Yukon Energy’s board of directors has cancelled the proposal to build a new 20-megawatt generating station powered by fossil fuels.
Board chair Leslie Cabott informed Yukon Energy Minister Ranj Pillai of the decision on Oct. 1 by letter.
Pillai told the Yukon legislature of the decision Tuesday.
In her letter to the minister, Cabott wrote:
“After considering the results of the technical, environmental and socio-economic research, and the public feedback received, the Yukon Energy Corporation Board of Directors has decided to look at ways to avoid building a single new 20 MW (megawatt) liquefied natural gas (LNG) or diesel facility.
“Our focus instead will be to look at options to add or replace capacity at our existing generation facilities as our fleet of diesel engines retire. In the interim, Yukon Energy will continue to rent diesel generators each winter to ensure an adequate supply of back-up power in case of an emergency.”
As part of its 20-year resource plan, Yukon Energy was hoping to have the new generating facility operational by early 2022, at an estimated cost of between $40 million and $70 million, depending on the solution chosen.
To provide for backup generation when demand peaks in the winter, the Crown corporation has been renting mobile diesel generators.
In 2017, it rented four, two-megawatt generators for the winter at a total cost of $700,000, not including the cost of fuel.
In 2018, it rented six units for a total generating capacity of 12 megawatts at a cost of $1.2 million.

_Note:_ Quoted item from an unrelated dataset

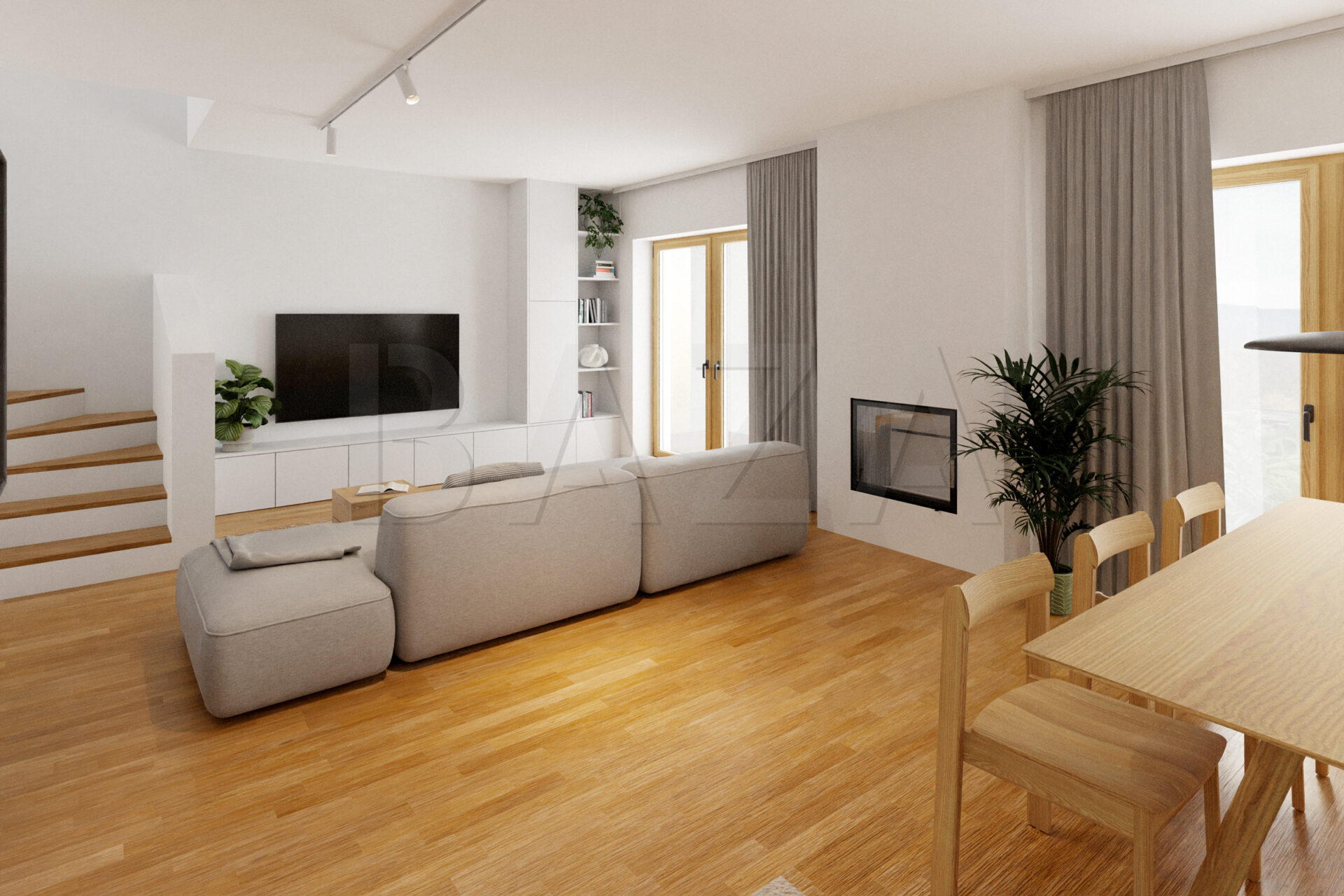 Objekt obsega tri etaže: pritličje, nadstropje in mansardo. V pritličju se nahajajo predprostor, sanitarije ter prostoren dnevno-bivalni del s kuhinjo in jedilnico, ki ima izhod na teraso. V nadstropju sta dve spalnici in kopalnica, opremljena s kadjo in prho. Mansarda nudi večji, svetel prostor primeren za dodatno spalnico, fitnes ali domačo pisarno.
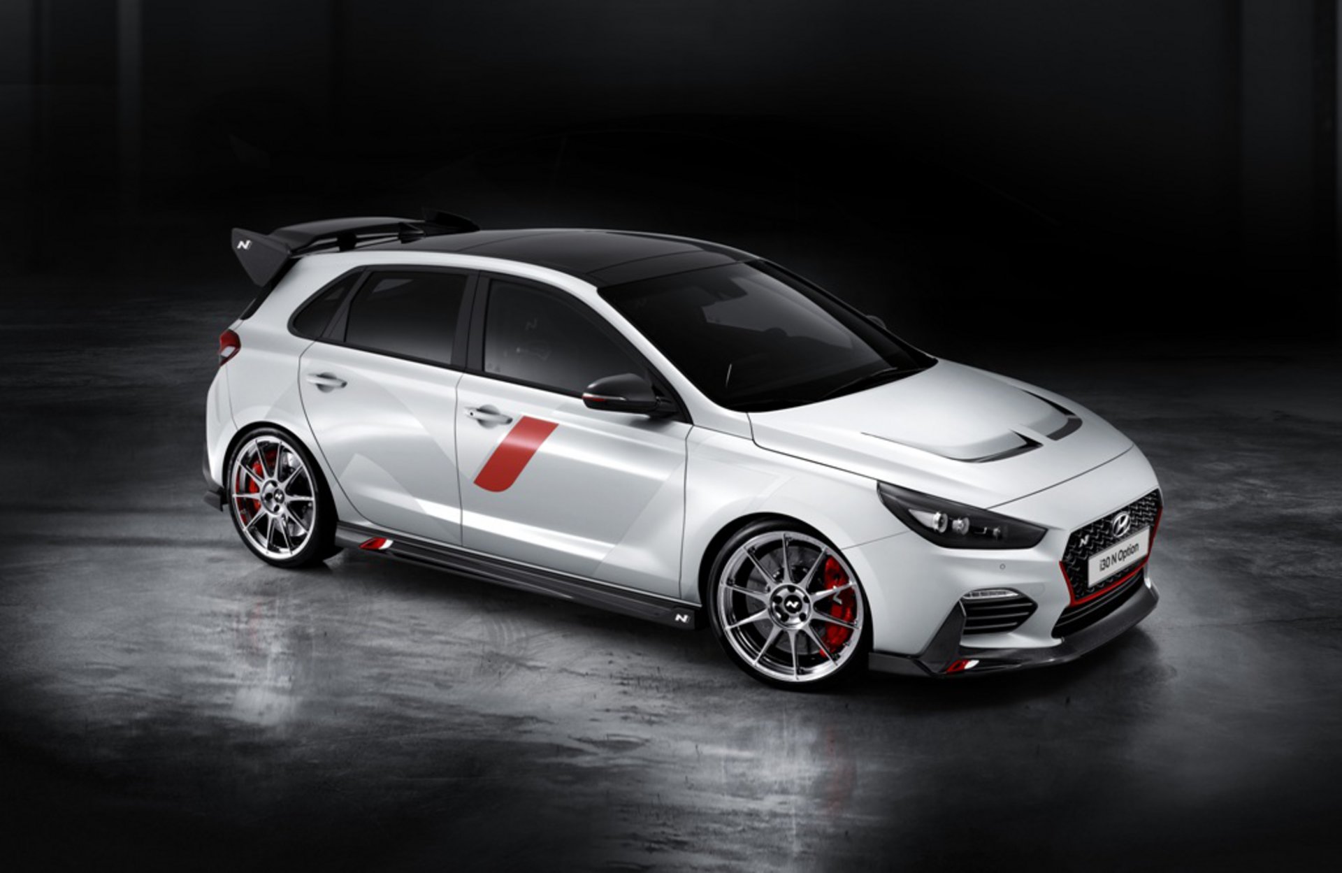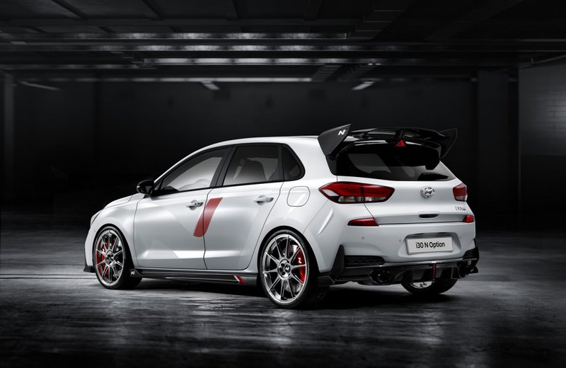 Το Hyundai i30 N Option παρουσιάζει συνολικά 25 κατασκευαστικά μέρη, τα οποία έρχονται να υπογραμμίσουν με δυναμικό στιλ τις Performance δυνατότητες του κορεατικού αυτοκινήτου. Στην ουσία πρόκειται από τη μία πλευρά για αεροδυναμικά βοηθήματα: Μία τροποποιημένη μπροστινή ποδιά, ένας πίσω προφυλακτήρας με αεροδυναμικό διαχύτη και μία τεράστιων διαστάσεων πίσω αεροτομή δίνουν στο i30 N μία σαφώς πιο επιθετική εμφάνιση. Εντύπωση προκαλεί επίσης το καπό του κινητήρα με τις εντυπωσιακές εξαγωγές αέρα και το οποίο διαφοροποιεί έντονα την εμφάνιση του Option σε σχέση με την έκδοση, που είναι ήδη γνωστή. Σημειωτέον πως το αυτοκίνητο, που εμφανίστηκε στο Παρίσι, εφοδιαζόταν με ζάντες 20 in και σπορ ελαστικά, ενώ στο i30 N παραγωγής τοποθετούνται ελαστικά 18 ή 19 in.

This winter, it is planning to rent nine, two-megawatt mobile units for a capacity of 18 megawatts at a cost of $2.2 million.
As of mid-morning today, 25 per cent of the electricity Yukon Energy was providing to the grid was being generated by natural gas.
Many comments received by Yukon Energy during its public consultation earlier this year regarding the proposal for a new 20-megawatt facility were opposed to the project.
Building such a facility would lock the Yukon into a future of dependency on fossil fuels producing greenhouse gas emissions while using up money that could otherwise be invested in renewable energy options, they said.
“The last thing the Yukon needs in a climate crisis is a discussion around new thermal (fossil fuel) capacity,” reads a summary of one of the questions in Yukon Energy’s public survey.
In reporting the board of directors’ decision to the house yesterday, Pillai emphasized how the government is currently developing a climate change, energy and green economy strategy to guide the Yukon over the next 10 years.
The strategy is being built in partnership with First Nations and municipalities with input from the territory’s youth, he said.
The minister noted the proposed 20-megawatt facility was central to meeting the growing demand for electricity in the Yukon. But it was also raising concerns among Yukoners, he told the legislature.
“At a time when we need to focus on the future and how to meet our energy needs in the face of climate change emergency, many Yukoners question the value of making capital investments in the burning of fossil fuels.”
Pillai told the house he was pleased to announce the board of directors had decided to cancel the project.
“Yukon Energy Corporation will focus instead on options to add or replace capacity to Yukon’s existing generation facilities as the diesel facilities reach end-of-life,” he said.
“In the interim, Yukon Energy will continue to rent diesel generators as necessary to ensure adequate backup power is available in the case of emergency in our territory.”
NDP Leader Kate White told the legislature the New Democrats support the decision to cancel the thermal facility.
“It is our hope that renting generators in the short term will allow Yukon Energy to take the steps necessary to establish renewable alternatives to fossil fuels,” she said.
Yukon Party Leader Stacey Hassard, on the other hand, wanted to know what the minister is planning to do now that the centrepiece of the 20-year resource plan has been cancelled.
The territory is growing and so is demand, given the new Whistle Bend subdivision and mining developments, he said.
“We want to know: what is the government’s plan to deal with power generation demands going forward?” Hassard asked.
“We need to have enough energy in place in case of an emergency, such as if one of our existing facilities experiences a failure.”
Hassard was also critical of the public consultation undertaken by Yukon Energy regarding the 20-megawatt facility, describing it as extremely short and largely concentrated in Whitehorse.
“We do not believe that such a short and limited consultation can be considered to be meaningful engagement,” he told the legislature.
“In fact, we have heard from many Yukoners who were not even aware the open houses were taking place until after they had concluded.”
Yukon Energy’s 20-year resource plan was updated in 2016. It sets out a number of projects to increase the corporation’s generating capacity by 44 megawatts or 33 per cent overall by 2025.
The new thermal plant accounted for almost half of the targeted increase in capacity.
Other projects identified in the resource plan include the third natural gas generator added to the LNG facility last year, with a generating capacity of 4.4 megawatts.
The plan also includes the new battery storage project, for which $25 million in federal and Yukon government funding was announced last month.
As well, the plan includes increasing water storage in the Southern Lakes to provide more renewable hydro generating capacity in the winter.
The proposal, however, has run into staunch opposition by residents of the Southern Lakes since it was first proposed in the early 2000s.
Yukon Energy has renewed the project proposal and is currently conducting public consultations.